ことば・辞書・日本語文法(2)

元日本語教師です。ことばと、(日本語)辞書と、日本語の文法について、勝手なことを書いていきます。

い(位)

三省堂国語辞典から。

 

  -い 位(接尾) ①くらい。順位。「第一-・三段-」②死んだ人の霊(レイ)をかぞえる尊敬語。「英霊百-」③体位。「正常-」

 

①の語釈についても、細かく言うといろいろ言いたいことはあるのですが、それは今回は言わないことにして、この③の用例です。

「正常位」とだけ、例を示して、その意味が利用者にすぐわかるのか。今時の中学生は、こんなことばは当然知っているだろうと編者は考えているのでしょうか。

かりに、わからない人がいたら、「せいじょうい」という項目があるかどうか引いてみるのでしょうが、そういう項目はありません。

では、「体位」を引いてみるとどうなるでしょうか。

 

  たいい 体位(名) ①体格・健康・運動能力などをまとめて言うことば。「-の向上」②からだの位置・姿勢。「〔介護を受ける人の〕-変換」

 

この①の語釈で考えると、「正常位」とは「正常(な)体格・健康・運動能力など」の意味になってしまいます。
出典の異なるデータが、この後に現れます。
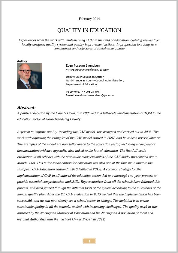 - Евен Фоссум Свендсен (2014). Якість в освіті: досвід роботи з впровадженням загального управління якістю (TQM) у сфері освіти. Отримання результатів від локально розробленої системи якості та дій з підвищення якості, пропорційно довгостроковим зобов'язанням та цілям сталої якості (англ. мовою)

何の指定もなければ、基本的な①の意味用法だと考えるのが当然ですから。

そう解釈されないためには、上の「位」の③のところで、「体位(2)」とでもして、「体位」の②の意味だよ、と指定しておく必要があります。そうしておけば、「正常位」とは「正常なからだの位置・姿勢」という、より自然な意味として解釈されるでしょう。
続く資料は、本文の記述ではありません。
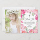 Envíe gracias a los amigos de la familia con esta elegante tarjeta de agradecimiento de la primera comunión sagrada rosa. contiene ilustraciones acuarelas de peonías rosadas, rosas y tulipanes con escritura transversal y caprichosa. Personalice agregando sus detalles y fotos. Están disponibles la invitación coincidente y otros elementos.

しかし、それでもまだ「正常位」の一般的な意味にはたどりつきません。まったく、こう書いていて、少しアホらしくなってきます。

用例に出すことばは、その辞書の中できちんと意味が解釈できるようにすべきです。

「正常位」ということばは、まじめに、ふつうに使われることばですから、大きな辞書には当然あるだろうと思ったのですが、広辞苑大辞林にはありません。デジタル大辞泉にはありました。

 

  せいじょう‐い【正常位】性交の際、仰向けになった女性に男性がおおいかぶさるような体勢。

 

このように、まじめに記述をする辞書が、用例にこの語を使ってもいいのです。三省堂国語辞典の編者は、ちょっとふまじめなのではないでしょうか。